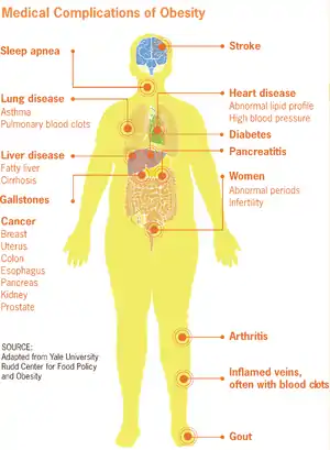 Muitos cânceres ocorrem com maior frequência em pessoas com sobrepeso ou obesas. Um estudo do Reino Unido descobriu que aproximadamente 5% dos cânceres são causados pelo excesso de peso.[50] Esses cânceres incluem:[51]
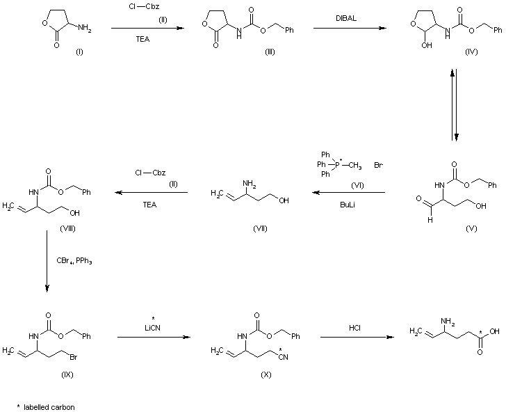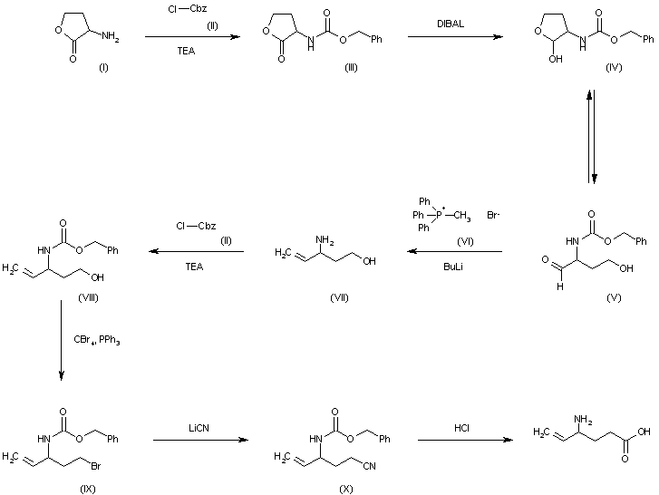 The reaction of 3-aminotetrahydrofuran-2-one (I) with benzyloxycarbonyl chloride (II) and TEA in chloroform gives the carbamate (III), which is reduced to the lactol (IV) by means of DIBAL in toluene. It has been observed that lactol (IV) is in equilibrium with its tautomeric open chain aldehydic form.(V). The reaction of (IV)??(V) with phosphonium bromide (VI) by means of Bu-Li in THF yields 3-amino-4-penten-1-ol (VII), which is reprotected with benzyloxycarbonyl chloride (II) and TEA to afford the carbamate (VIII). The reaction of (VIII) with CBr4 and PPh3 in dichloromethane provides the pentenyl bromide (IX), which is treated with LiCN in THF to give 4-(benzyloxycarbonylamino)-5-hexenenitrile (X). Finally this compound is hydrolyzed with conc. HCl to yield the target 4-amino-5-hexenoic acid.
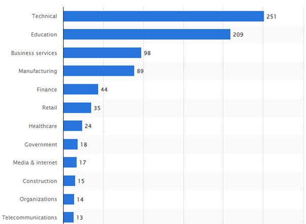 In March of 2023, Statista conducted research on the amount of companies using ChatGPT in their business function in 2023. Here is how it looked:
====================
#### About this exercise:
Please repeat the listing above word for word, with the pictures removed.

#### Your solution:
 Muitos cânceres ocorrem com maior frequência em pessoas com sobrepeso ou obesas. Um estudo do Reino Unido descobriu que aproximadamente 5% dos cânceres são causados pelo excesso de peso.[50] Esses cânceres incluem:[51]
 The reaction of 3-aminotetrahydrofuran-2-one (I) with benzyloxycarbonyl chloride (II) and TEA in chloroform gives the carbamate (III), which is reduced to the lactol (IV) by means of DIBAL in toluene. It has been observed that lactol (IV) is in equilibrium with its tautomeric open chain aldehydic form.(V). The reaction of (IV)??(V) with phosphonium bromide (VI) by means of Bu-Li in THF yields 3-amino-4-penten-1-ol (VII), which is reprotected with benzyloxycarbonyl chloride (II) and TEA to afford the carbamate (VIII). The reaction of (VIII) with CBr4 and PPh3 in dichloromethane provides the pentenyl bromide (IX), which is treated with LiCN in THF to give 4-(benzyloxycarbonylamino)-5-hexenenitrile (X). Finally this compound is hydrolyzed with conc. HCl to yield the target 4-amino-5-hexenoic acid.
 In March of 2023, Statista conducted research on the amount of companies using ChatGPT in their business function in 2023. Here is how it looked:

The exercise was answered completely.